The multimedia- show about the Refugees Detainee- Camp
Horst near Hamburg is now online. Because the film maker was not allowed to talk with the refugees or to enter the camp he concentrated on the invisible borders, the surrounding area and the process of isolation.
About 26 miles distant from Hamburg lays the small village Horst. It is nestled between the Elbe river and a small woods and plains. With around 500 Inhabitants and no special historic sites it seems not worth mentioning.
But for several hundred refugees it is the center of their lives. In an old NVA (National Army of Ex-DDR) barracks, they are locked away from social contacts and have no possibility of participating in life like other people in Germany.
These barracks are only one of dozens of so called “Ausreisezentrum” (departure center), where refugees get detained as soon as they reach the German border. Tens of Thousands are detained in such rotten camps and old buildings.
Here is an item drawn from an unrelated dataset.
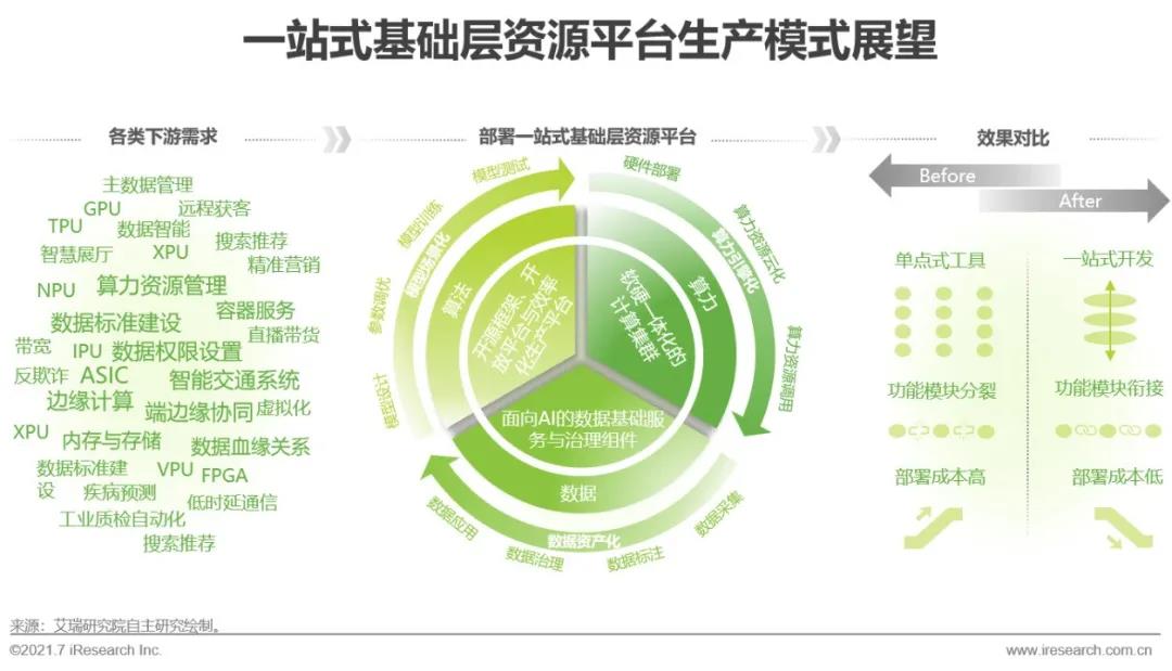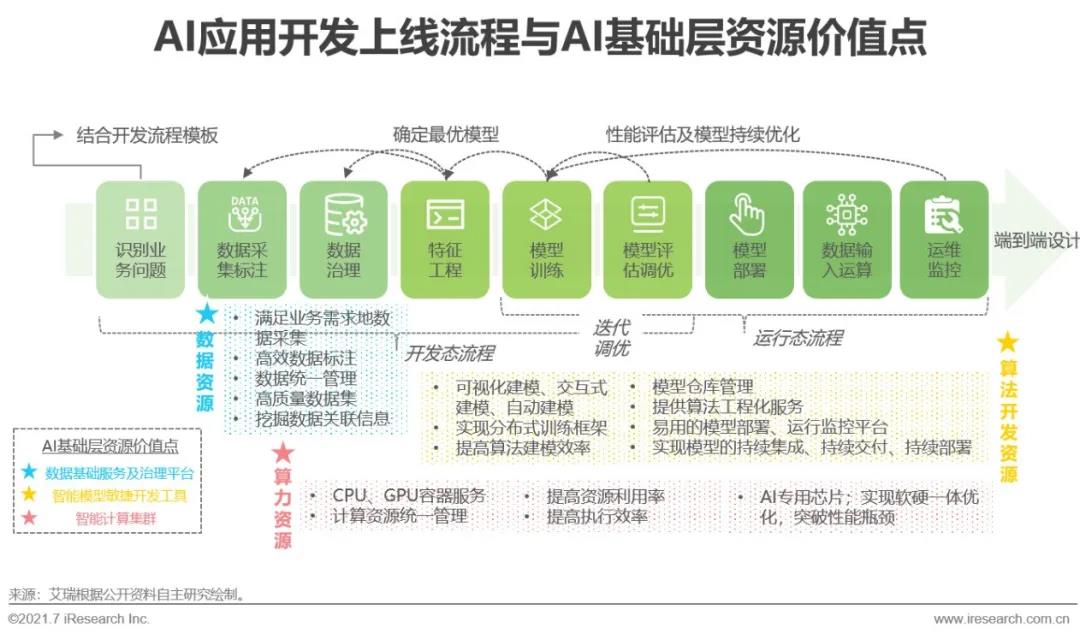 在人工智能由技術(shù)落地應(yīng)用階段向效率化生產(chǎn)階段轉(zhuǎn)變的背景下,艾瑞認為人工智能基礎(chǔ)層的各模塊工具有望走向集約型的生產(chǎn)模式。該模式主要能賦予開發(fā)企業(yè)以下價值:1)開發(fā)方式改進:從客戶需求分析到解決方案部署形成獨立的閉環(huán),構(gòu)建端到端的工作流。在強大算力的支持下,完成數(shù)據(jù)采集、數(shù)據(jù)標注、數(shù)據(jù)治理、數(shù)據(jù)應(yīng)用、模型設(shè)計、參數(shù)調(diào)優(yōu)、模型訓(xùn)練、模型測試、模型推理的全棧式流水線生產(chǎn)。2)管理效率提升:將數(shù)據(jù)、算法與算力委托給專業(yè)的服務(wù)商,實現(xiàn)一站式托管,打通三者之間的銜接壁壘,提高交互友好性,讓開發(fā)者專注于業(yè)務(wù)。3)部署成本降低:集成數(shù)據(jù)、算法、算力的各個軟件與硬件,企業(yè)可在一個平臺內(nèi)按需選擇自己所缺失的模塊組件并自由搭配,有效避免因采購不同供應(yīng)商的產(chǎn)品或服務(wù)而帶來的隱性成本損失與顯性成本損失。

They are not allowed to work, to leave their district, to travel without controls or to take part at political or social events. If they do so – they get deported. Often this situation lasts for several months – in worse cases up to years.
And only a small percentage is lucky enough to get a residency permit even after that long wait. Most of the refugees get deported out of Europe to their home-countries (or supposed home-countries) – regardless of whether there are still conflicts, wars or famines there.
This system of camps and deportation was built up since the 1990’s in order to “defend” Europe from so called “economic refugees”. But the primary problems in the economies of the “third world” are results of neo-colonialism and the exploitation of the natural resources by the western nations.
But in our world there is a two-class system with many gradations in between. The people from industrialized countries are allowed to travel through the whole world and to settle where they want. The second-class citizens do not have those possibilities. They need to risk their life to travel to a country where life has more to offer – and work there illegally to raise some money for their villages and families, which remain at home.
And the situation is getting worse. The EU has build up FRONTEX (from the French: Frontières extérieures, established by EU law as the: European Agency for the Management of Operational Cooperation at the External Borders of the Member States of the European Union) – a high-tech Border Patrol to keep refugees out of Europe.
Various humanitarian organizations have attributed more than 6.000 deaths near the Canary Islands to FRONTEX– in 2006 alone! The estimated number of unreported cases is several times higher.
And the few people who have the change to survive thousand miles of flight and the deadly border-controls – get detained into camps in Germany (and the other countries of the EU) and have almost no change to break out of this kind of suffering.
These invisible Borders are direct next to us – we only need to open our eyes now!